COS 13-6 - Spatial heterogeneity can resolve the nitrogen paradox of tropical forests

Tuesday, August 9, 2016: 9:50 AM
304, Ft Lauderdale Convention Center
Duncan N. L. Menge, Ecology, Evolution, and Environmental Biology, Columbia University, New York, NY and Simon A. Levin, Ecology and Evolutionary Biology, Princeton University, Princeton, NJ
Background/Question/Methods

Many tropical forests are characterized by large losses of bioavailable forms of nitrogen (N) such as nitrate.  Plants and microbes excel at soaking up bioavailable N when they are N limited, so large losses indicate N richness rather than N limitation.  Many tropical forests also have an abundance of plants capable of symbiotic biological N fixation (BNF).  These N-fixing plants have the capacity to drive N richness.  However, from the plants’ perspective, BNF is more expensive than using bioavailable N when there is plenty of bioavailable N in the soil.  Indeed, tropical trees seem to exhibit a facultative BNF strategy, whereby they down-regulate BNF when soil N supply is sufficient.  If facultative BNF is common, why might we see, simultaneously, high rates of BNF and large losses of bioavailable N (hereafter, we call this combination “N rich BNF”)?
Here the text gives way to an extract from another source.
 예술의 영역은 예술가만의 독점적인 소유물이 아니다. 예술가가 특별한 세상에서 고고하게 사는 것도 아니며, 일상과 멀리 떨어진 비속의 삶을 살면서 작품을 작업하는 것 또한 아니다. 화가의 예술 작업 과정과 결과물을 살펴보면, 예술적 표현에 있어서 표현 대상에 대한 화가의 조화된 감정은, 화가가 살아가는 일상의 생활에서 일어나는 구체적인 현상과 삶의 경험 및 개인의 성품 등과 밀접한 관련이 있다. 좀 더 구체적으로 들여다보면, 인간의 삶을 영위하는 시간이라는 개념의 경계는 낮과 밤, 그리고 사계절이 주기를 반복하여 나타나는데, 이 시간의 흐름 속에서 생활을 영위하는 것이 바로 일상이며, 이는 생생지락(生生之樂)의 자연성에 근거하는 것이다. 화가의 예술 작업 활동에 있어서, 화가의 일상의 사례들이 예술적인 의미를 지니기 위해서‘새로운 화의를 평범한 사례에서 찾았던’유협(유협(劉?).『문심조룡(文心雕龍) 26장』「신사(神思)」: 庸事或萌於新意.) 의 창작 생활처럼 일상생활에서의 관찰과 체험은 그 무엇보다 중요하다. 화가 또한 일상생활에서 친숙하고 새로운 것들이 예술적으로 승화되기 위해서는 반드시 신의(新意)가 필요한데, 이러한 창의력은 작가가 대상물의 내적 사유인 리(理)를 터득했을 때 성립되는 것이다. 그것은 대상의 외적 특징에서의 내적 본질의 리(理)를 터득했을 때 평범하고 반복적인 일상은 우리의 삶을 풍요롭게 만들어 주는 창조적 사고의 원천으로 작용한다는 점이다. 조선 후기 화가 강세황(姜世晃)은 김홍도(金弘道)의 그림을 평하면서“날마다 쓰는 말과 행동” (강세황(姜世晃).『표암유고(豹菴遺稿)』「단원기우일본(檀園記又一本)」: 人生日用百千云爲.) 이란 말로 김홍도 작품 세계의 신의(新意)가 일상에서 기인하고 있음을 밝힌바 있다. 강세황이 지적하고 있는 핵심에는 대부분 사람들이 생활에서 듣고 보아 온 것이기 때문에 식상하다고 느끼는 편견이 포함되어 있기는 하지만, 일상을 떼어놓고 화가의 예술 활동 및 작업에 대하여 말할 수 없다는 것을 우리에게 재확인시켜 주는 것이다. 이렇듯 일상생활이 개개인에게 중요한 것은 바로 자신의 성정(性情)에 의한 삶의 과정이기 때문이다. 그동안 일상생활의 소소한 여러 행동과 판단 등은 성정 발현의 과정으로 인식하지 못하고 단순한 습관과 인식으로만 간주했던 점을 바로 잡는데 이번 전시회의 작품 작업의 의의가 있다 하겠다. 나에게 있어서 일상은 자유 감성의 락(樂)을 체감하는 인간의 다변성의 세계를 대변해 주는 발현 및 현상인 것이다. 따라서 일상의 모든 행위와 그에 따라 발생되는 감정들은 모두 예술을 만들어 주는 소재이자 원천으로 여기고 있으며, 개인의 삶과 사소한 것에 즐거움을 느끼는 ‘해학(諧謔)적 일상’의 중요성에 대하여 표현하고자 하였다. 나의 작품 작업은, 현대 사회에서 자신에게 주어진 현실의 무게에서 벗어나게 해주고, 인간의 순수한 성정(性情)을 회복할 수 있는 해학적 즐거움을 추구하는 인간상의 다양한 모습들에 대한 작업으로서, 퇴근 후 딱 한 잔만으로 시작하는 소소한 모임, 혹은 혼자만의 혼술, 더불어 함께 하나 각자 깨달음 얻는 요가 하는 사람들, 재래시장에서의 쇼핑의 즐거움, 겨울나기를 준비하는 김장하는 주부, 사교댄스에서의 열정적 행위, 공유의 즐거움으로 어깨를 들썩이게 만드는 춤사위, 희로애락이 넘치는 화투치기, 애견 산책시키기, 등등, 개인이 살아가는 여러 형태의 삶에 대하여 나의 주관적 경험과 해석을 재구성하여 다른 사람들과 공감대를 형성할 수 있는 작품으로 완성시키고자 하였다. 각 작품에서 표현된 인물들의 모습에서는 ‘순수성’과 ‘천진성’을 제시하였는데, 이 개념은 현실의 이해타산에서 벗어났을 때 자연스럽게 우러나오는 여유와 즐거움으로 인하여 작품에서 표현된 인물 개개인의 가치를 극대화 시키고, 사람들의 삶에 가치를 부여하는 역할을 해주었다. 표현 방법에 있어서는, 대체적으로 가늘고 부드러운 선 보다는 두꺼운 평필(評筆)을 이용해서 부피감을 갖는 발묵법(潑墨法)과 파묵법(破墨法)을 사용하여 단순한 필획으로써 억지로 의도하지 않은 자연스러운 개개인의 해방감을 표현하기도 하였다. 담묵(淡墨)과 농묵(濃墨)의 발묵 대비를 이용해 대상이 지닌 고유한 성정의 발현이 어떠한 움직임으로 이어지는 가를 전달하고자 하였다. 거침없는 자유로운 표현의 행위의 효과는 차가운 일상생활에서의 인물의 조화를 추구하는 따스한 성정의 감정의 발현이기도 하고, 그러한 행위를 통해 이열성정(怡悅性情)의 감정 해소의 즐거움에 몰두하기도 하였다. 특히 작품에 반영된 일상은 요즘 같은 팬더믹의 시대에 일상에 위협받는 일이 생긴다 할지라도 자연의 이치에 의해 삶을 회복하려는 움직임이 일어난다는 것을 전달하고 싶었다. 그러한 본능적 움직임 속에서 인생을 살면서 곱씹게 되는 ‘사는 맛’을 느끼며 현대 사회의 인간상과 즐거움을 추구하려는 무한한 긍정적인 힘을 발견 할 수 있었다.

Here, we use spatially explicit ecosystem models to analyze the conditions under which spatial heterogeneity can induce N rich BNF.  The models track N and phosphorus (P) in plants and soils, and assume that BNF is perfectly facultative, shutting off entirely when soil N supply meets plant N demand.  The main spatial component of the models is litter movement.

Results/Conclusions

Litter movement can maintain N rich BNF.  When N-fixers have higher litter N content than non-fixers, N-fixers export N rich litter, providing non-fixers with N to sustain large losses of bioavailable N, and import N poor litter, inducing the need for sustained BNF.  Rates of N rich BNF increase in proportion to the ratio of N-fixer litter N:P to non-fixer litter N:P, and in proportion to the fraction of litter transferred out of a tree’s rooting zone.  Stoichiometric variability also augments N rich BNF, whereas greater root overlap between neighbors and clumping of N-fixers diminish N rich BNF.
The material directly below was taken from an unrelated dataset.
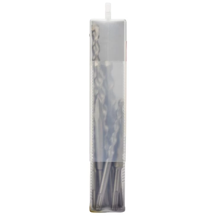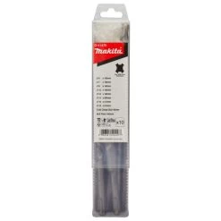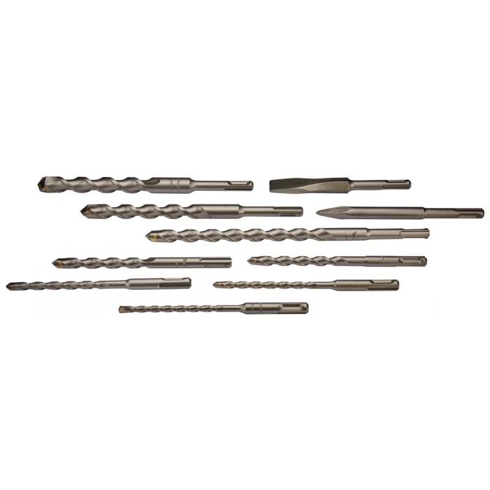 10-delige set met SDS-PLUS aansluiting, bestaand uit: betonboren lengte 160mm (6 – 7 – 8 – 10 – 12) betonboren lengte 210mm (16 – 18) betonboor 260mm (14) puntbeitel 160mm koudbeitel 20x140mm

Finally, we examine how spatial litter transfer interacts with another mechanism that can sustain N rich BNF, incomplete down-regulation of BNF.  Incomplete down-regulators maintain low but positive rates of BNF even when they are N sufficient.  Spatial transfer and incomplete down-regulation can both sustain N rich BNF, and can be distinguished from each other: Incomplete down-regulation is characterized by greater N loss under N-fixing trees, whereas spatial litter transfer is characterized by greater N losses under non-fixing trees.  These results put forth testable hypotheses that could explain N rich BNF, and thus could help understand the N paradox of tropical forests.